---------- COLLECTED MATERIAL

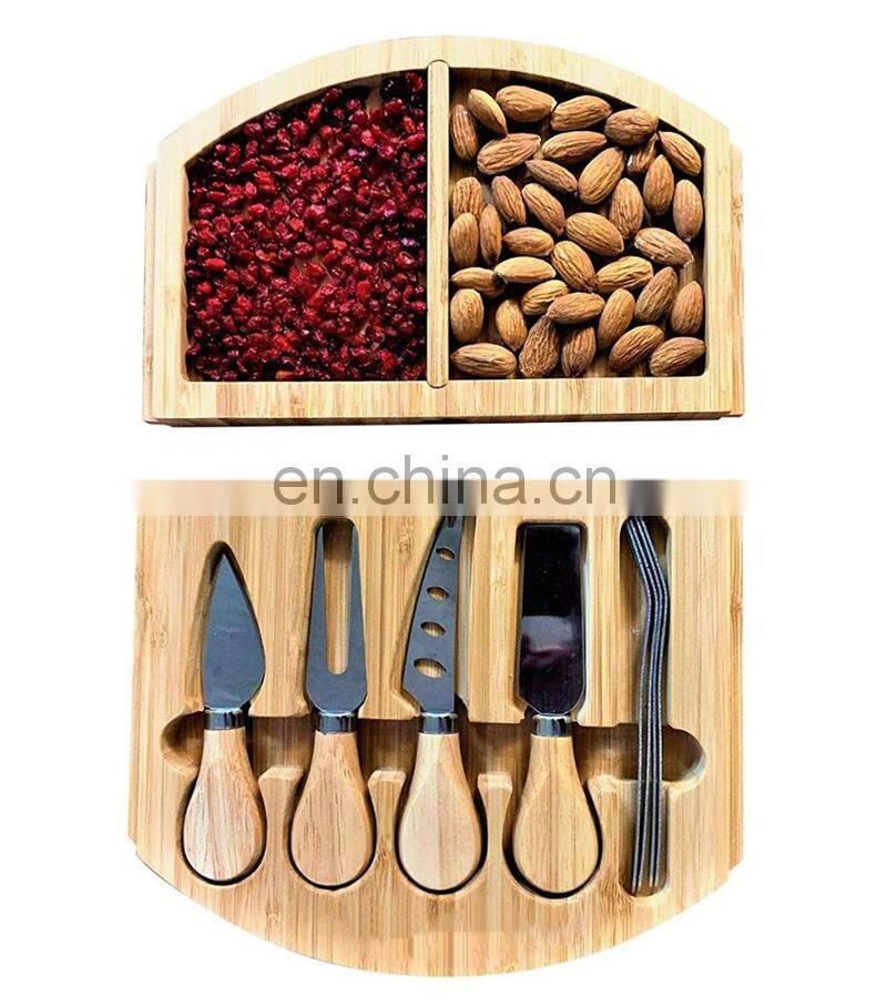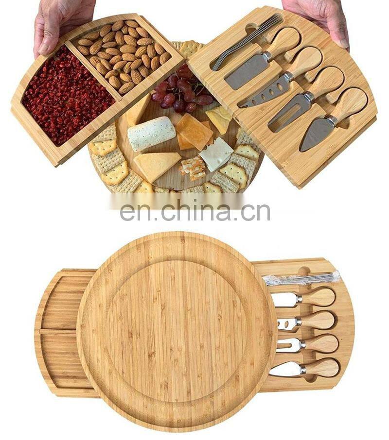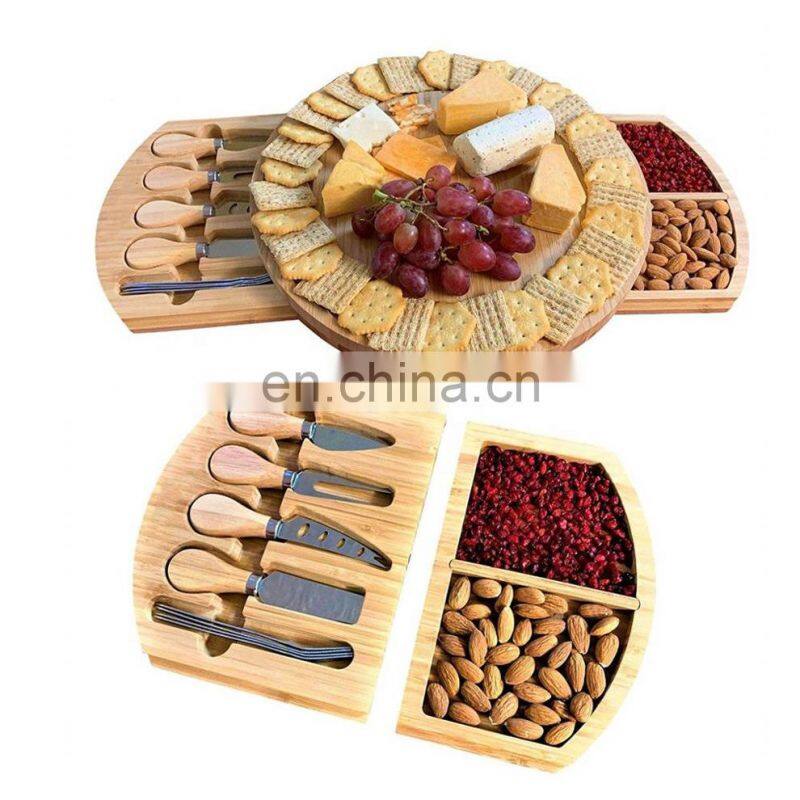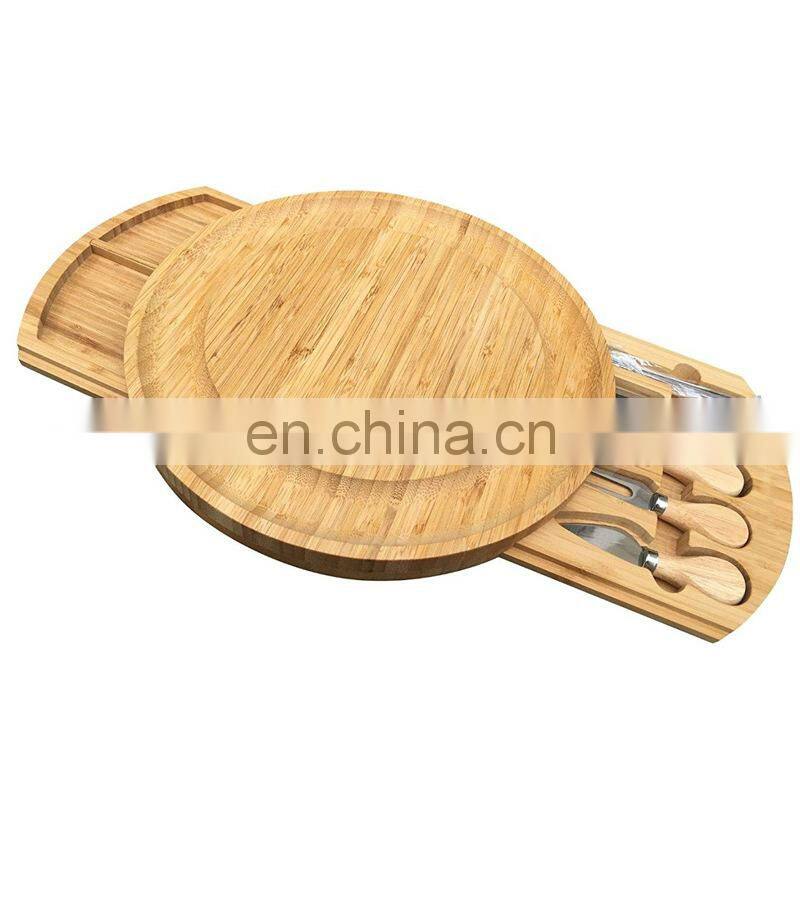Wholesale Natural Eco Friendly Wood Bamboo Cutting Cheese Boards Slide Out Drawers With 4 Knifes Set
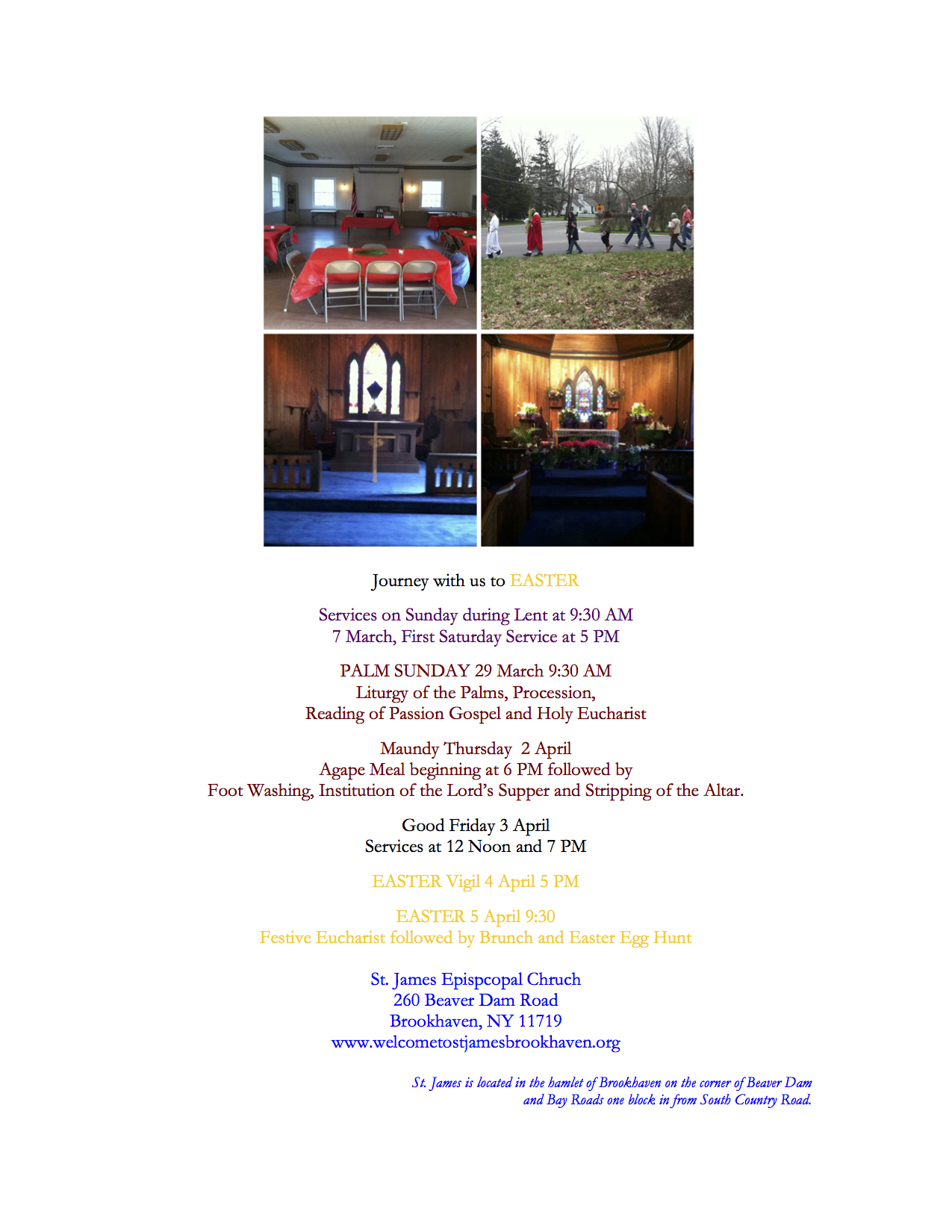 Join us as we take up our crosses and follow Jesus during Holy Week. Please note, not all of the services will happen at St. James.
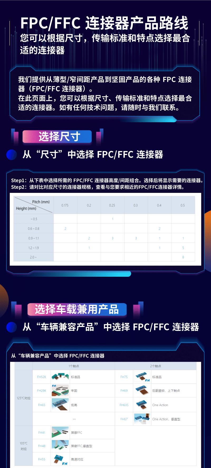 我們提供從薄型/窄間距產品到堅固產品的各種 FPC 連接器(FPC/FFC連接器)。
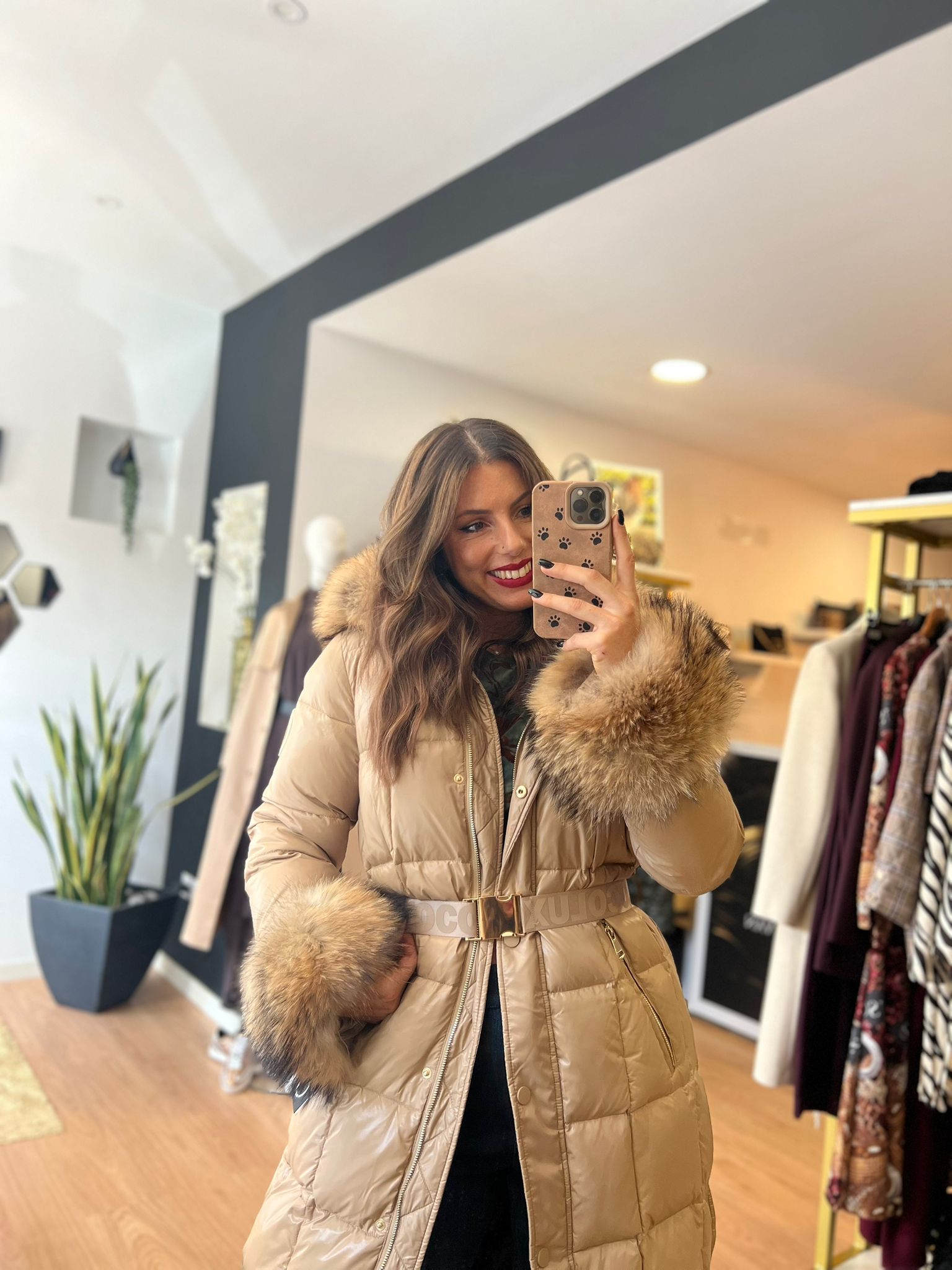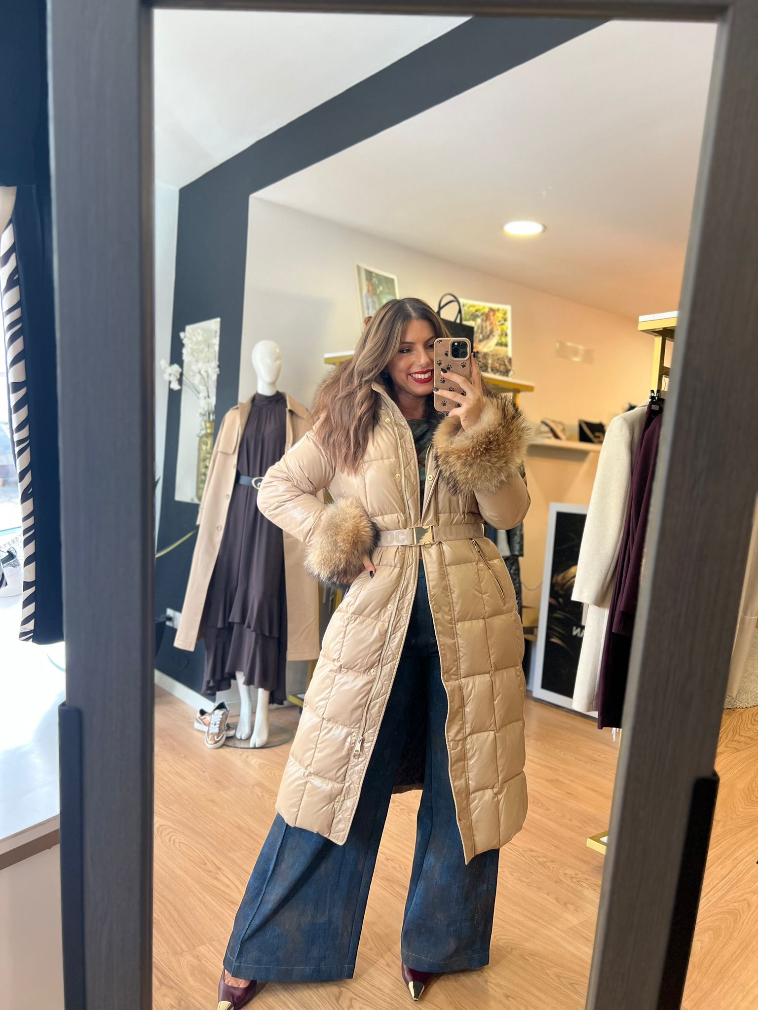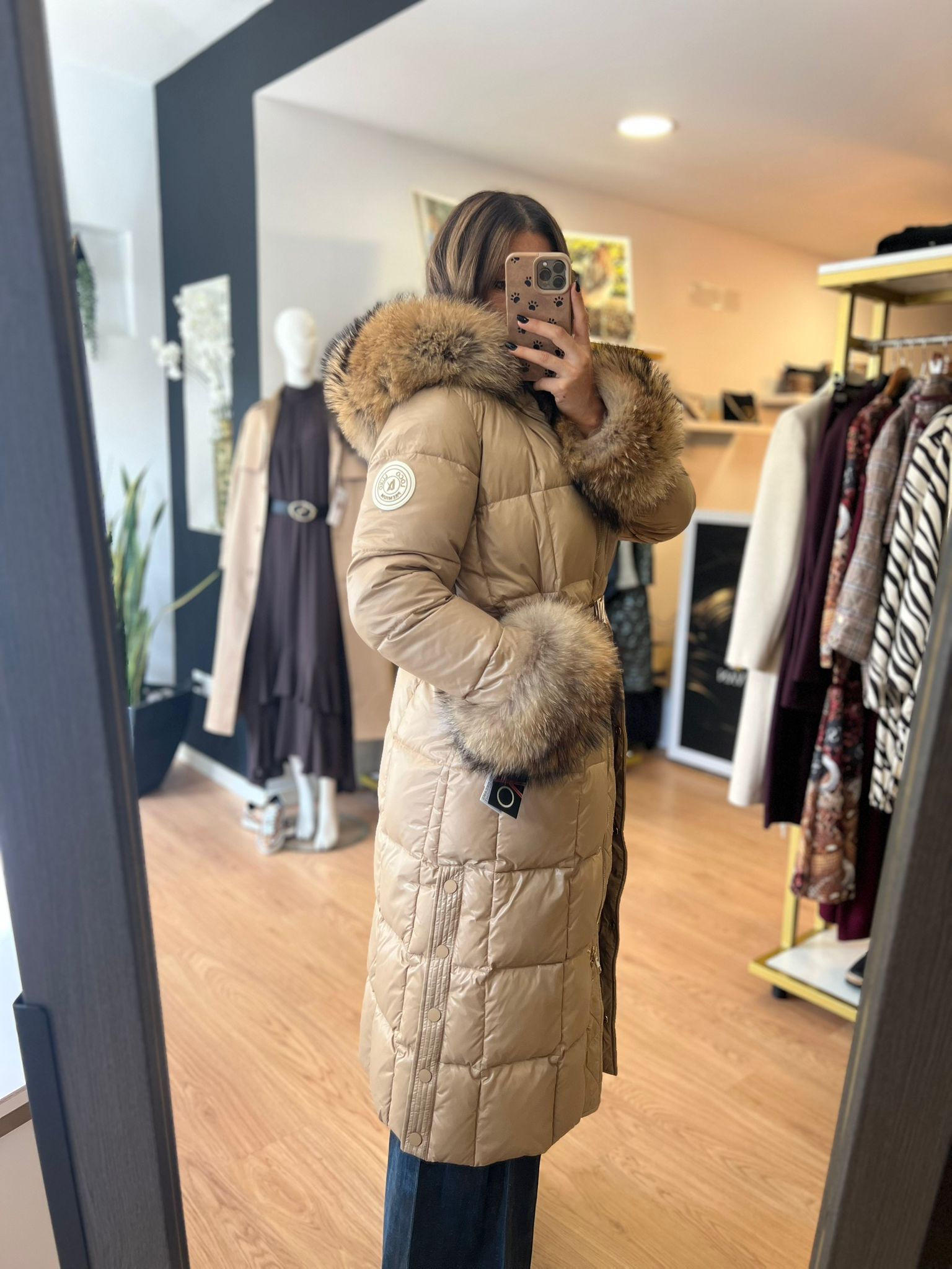 Elegância e conforto num só modelo. O Casaco Locoluxo Bege é a escolha perfeita para os dias frios, combinando um design acolchoado com acabamentos luxuosos em pêlo nas mangas e capuz.

--------------------

- _WHAT YOU HAVE TO DO_
Output each line above exactly as it stands, omitting the pictures.

- _RESULT_
Wholesale Natural Eco Friendly Wood Bamboo Cutting Cheese Boards Slide Out Drawers With 4 Knifes Set
 Join us as we take up our crosses and follow Jesus during Holy Week. Please note, not all of the services will happen at St. James.
 我們提供從薄型/窄間距產品到堅固產品的各種 FPC 連接器(FPC/FFC連接器)。
 Elegância e conforto num só modelo. O Casaco Locoluxo Bege é a escolha perfeita para os dias frios, combinando um design acolchoado com acabamentos luxuosos em pêlo nas mangas e capuz.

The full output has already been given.